### [Data for this exercise]
═══
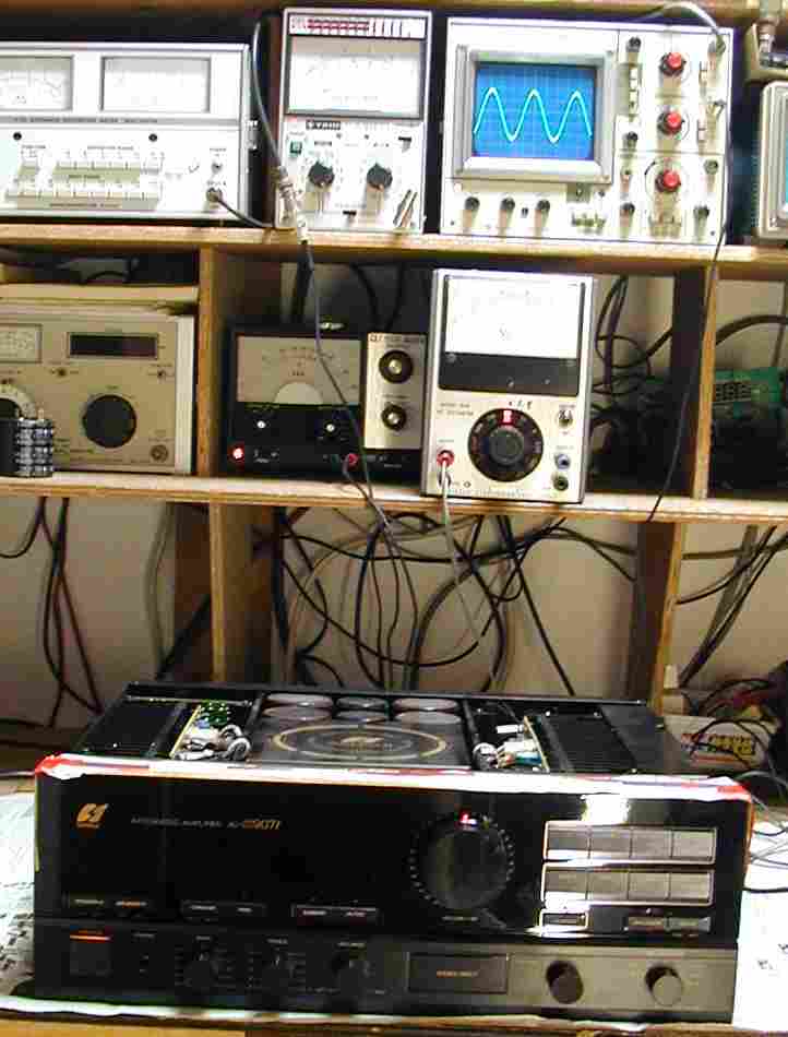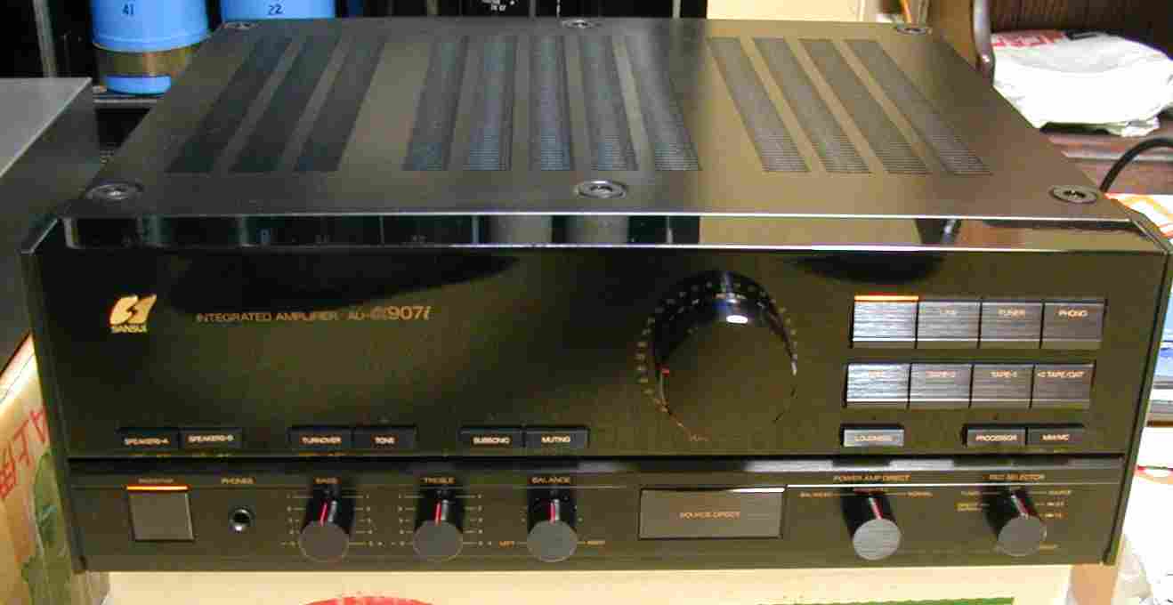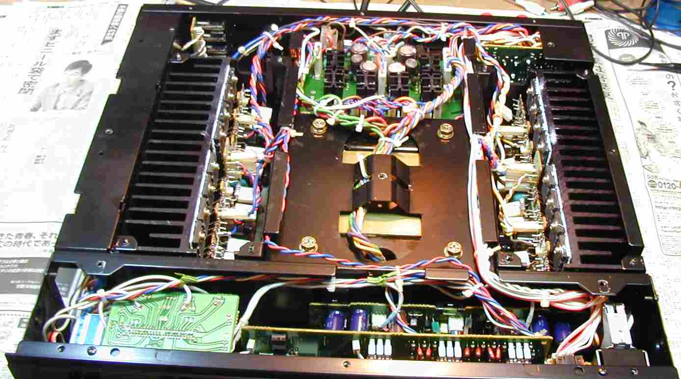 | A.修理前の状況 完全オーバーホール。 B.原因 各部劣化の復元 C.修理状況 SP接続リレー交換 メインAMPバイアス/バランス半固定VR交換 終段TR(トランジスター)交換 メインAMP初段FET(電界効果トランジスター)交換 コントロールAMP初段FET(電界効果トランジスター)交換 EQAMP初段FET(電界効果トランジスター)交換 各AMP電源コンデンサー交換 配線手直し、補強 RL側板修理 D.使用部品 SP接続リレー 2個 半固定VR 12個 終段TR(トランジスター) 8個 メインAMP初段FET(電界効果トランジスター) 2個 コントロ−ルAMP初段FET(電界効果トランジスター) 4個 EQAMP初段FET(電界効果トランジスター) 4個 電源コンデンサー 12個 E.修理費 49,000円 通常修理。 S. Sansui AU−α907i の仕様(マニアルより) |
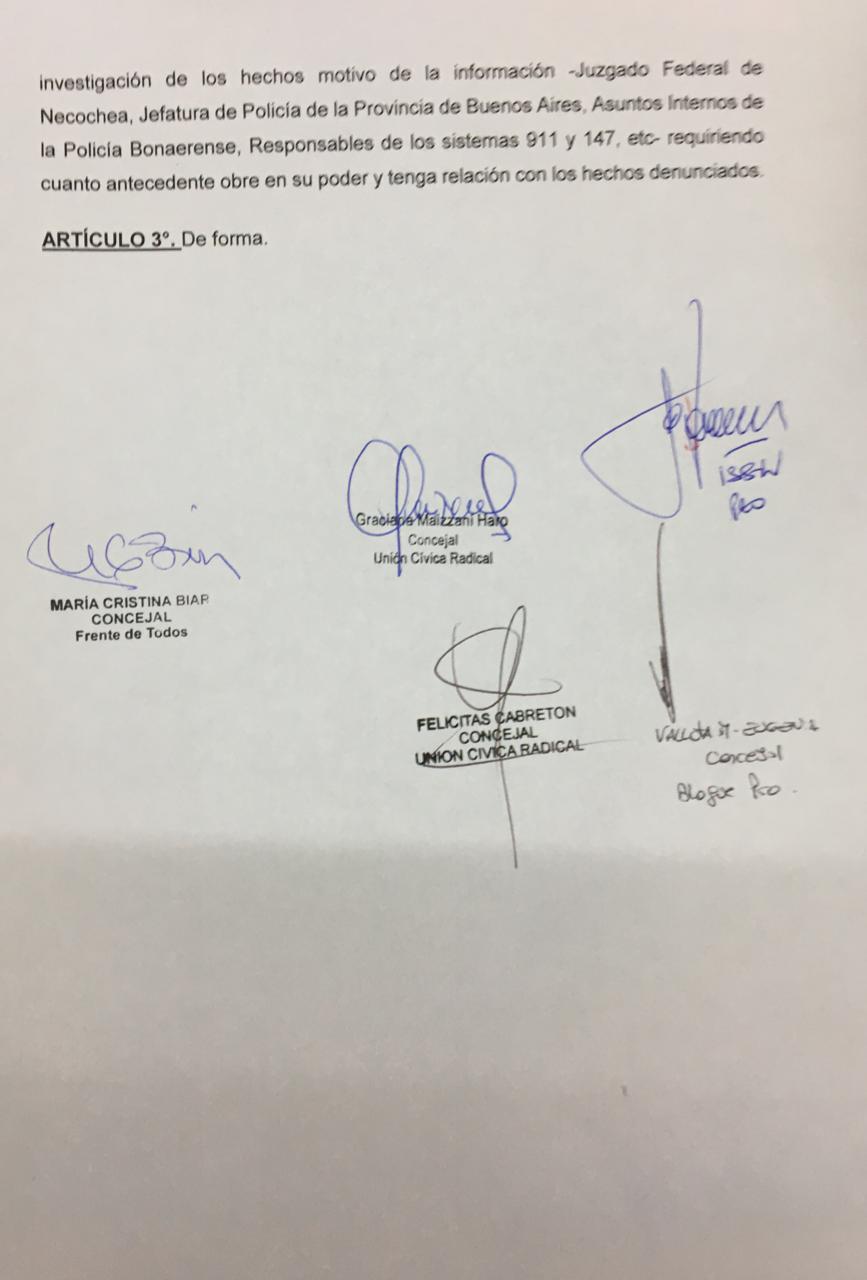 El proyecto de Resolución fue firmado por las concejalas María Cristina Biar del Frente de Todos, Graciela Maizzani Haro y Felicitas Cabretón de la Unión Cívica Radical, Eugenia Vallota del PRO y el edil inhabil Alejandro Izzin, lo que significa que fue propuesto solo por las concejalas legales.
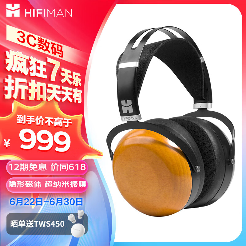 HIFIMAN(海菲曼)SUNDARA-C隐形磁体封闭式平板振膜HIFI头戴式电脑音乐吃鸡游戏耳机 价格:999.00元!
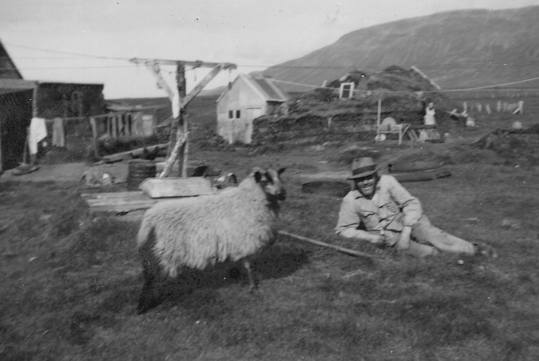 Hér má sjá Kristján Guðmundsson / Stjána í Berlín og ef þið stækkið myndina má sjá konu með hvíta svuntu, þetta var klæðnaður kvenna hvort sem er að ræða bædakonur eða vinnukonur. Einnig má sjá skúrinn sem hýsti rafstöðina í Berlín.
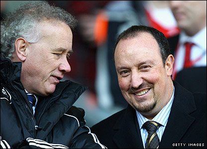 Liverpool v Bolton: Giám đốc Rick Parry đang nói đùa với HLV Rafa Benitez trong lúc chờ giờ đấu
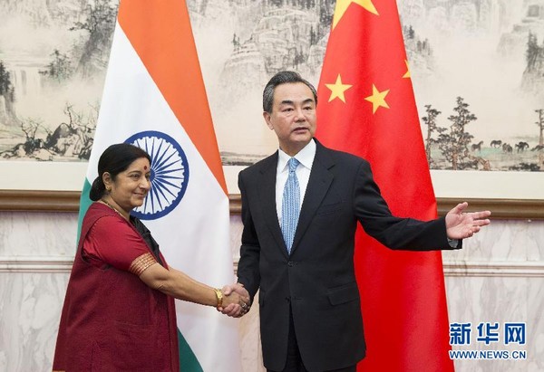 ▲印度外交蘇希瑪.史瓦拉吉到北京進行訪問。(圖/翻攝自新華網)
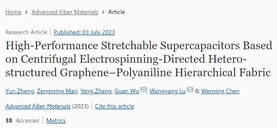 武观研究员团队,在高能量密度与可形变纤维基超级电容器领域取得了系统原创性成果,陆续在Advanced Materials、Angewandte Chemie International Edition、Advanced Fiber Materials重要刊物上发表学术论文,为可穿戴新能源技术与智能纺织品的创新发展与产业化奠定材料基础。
═══
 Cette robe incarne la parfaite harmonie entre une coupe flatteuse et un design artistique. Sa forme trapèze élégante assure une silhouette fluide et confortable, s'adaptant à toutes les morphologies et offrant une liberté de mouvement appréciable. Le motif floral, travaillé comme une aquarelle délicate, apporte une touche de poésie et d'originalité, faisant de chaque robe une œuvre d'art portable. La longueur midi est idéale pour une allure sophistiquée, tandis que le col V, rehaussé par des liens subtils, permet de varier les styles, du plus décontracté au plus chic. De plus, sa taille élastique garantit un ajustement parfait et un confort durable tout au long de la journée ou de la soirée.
═══
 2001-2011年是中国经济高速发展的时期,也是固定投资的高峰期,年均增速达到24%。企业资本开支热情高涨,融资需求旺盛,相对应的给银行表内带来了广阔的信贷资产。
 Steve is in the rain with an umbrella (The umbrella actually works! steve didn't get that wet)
═══
### [Required action]
In the listing above, find the line with "AU−α907i の仕様(マニアルより) |" and the line with "Materials、Angewandte Chemie International". Copy both of them and every line between, exactly, but not the pictures.

### [Answer for this exercise]
 | A.修理前の状況 完全オーバーホール。 B.原因 各部劣化の復元 C.修理状況 SP接続リレー交換 メインAMPバイアス/バランス半固定VR交換 終段TR(トランジスター)交換 メインAMP初段FET(電界効果トランジスター)交換 コントロールAMP初段FET(電界効果トランジスター)交換 EQAMP初段FET(電界効果トランジスター)交換 各AMP電源コンデンサー交換 配線手直し、補強 RL側板修理 D.使用部品 SP接続リレー 2個 半固定VR 12個 終段TR(トランジスター) 8個 メインAMP初段FET(電界効果トランジスター) 2個 コントロ−ルAMP初段FET(電界効果トランジスター) 4個 EQAMP初段FET(電界効果トランジスター) 4個 電源コンデンサー 12個 E.修理費 49,000円 通常修理。 S. Sansui AU−α907i の仕様(マニアルより) |
 El proyecto de Resolución fue firmado por las concejalas María Cristina Biar del Frente de Todos, Graciela Maizzani Haro y Felicitas Cabretón de la Unión Cívica Radical, Eugenia Vallota del PRO y el edil inhabil Alejandro Izzin, lo que significa que fue propuesto solo por las concejalas legales.
 HIFIMAN(海菲曼)SUNDARA-C隐形磁体封闭式平板振膜HIFI头戴式电脑音乐吃鸡游戏耳机 价格:999.00元!
 Hér má sjá Kristján Guðmundsson / Stjána í Berlín og ef þið stækkið myndina má sjá konu með hvíta svuntu, þetta var klæðnaður kvenna hvort sem er að ræða bædakonur eða vinnukonur. Einnig má sjá skúrinn sem hýsti rafstöðina í Berlín.
 Liverpool v Bolton: Giám đốc Rick Parry đang nói đùa với HLV Rafa Benitez trong lúc chờ giờ đấu
 ▲印度外交蘇希瑪.史瓦拉吉到北京進行訪問。(圖/翻攝自新華網)
 武观研究员团队,在高能量密度与可形变纤维基超级电容器领域取得了系统原创性成果,陆续在Advanced Materials、Angewandte Chemie International Edition、Advanced Fiber Materials重要刊物上发表学术论文,为可穿戴新能源技术与智能纺织品的创新发展与产业化奠定材料基础。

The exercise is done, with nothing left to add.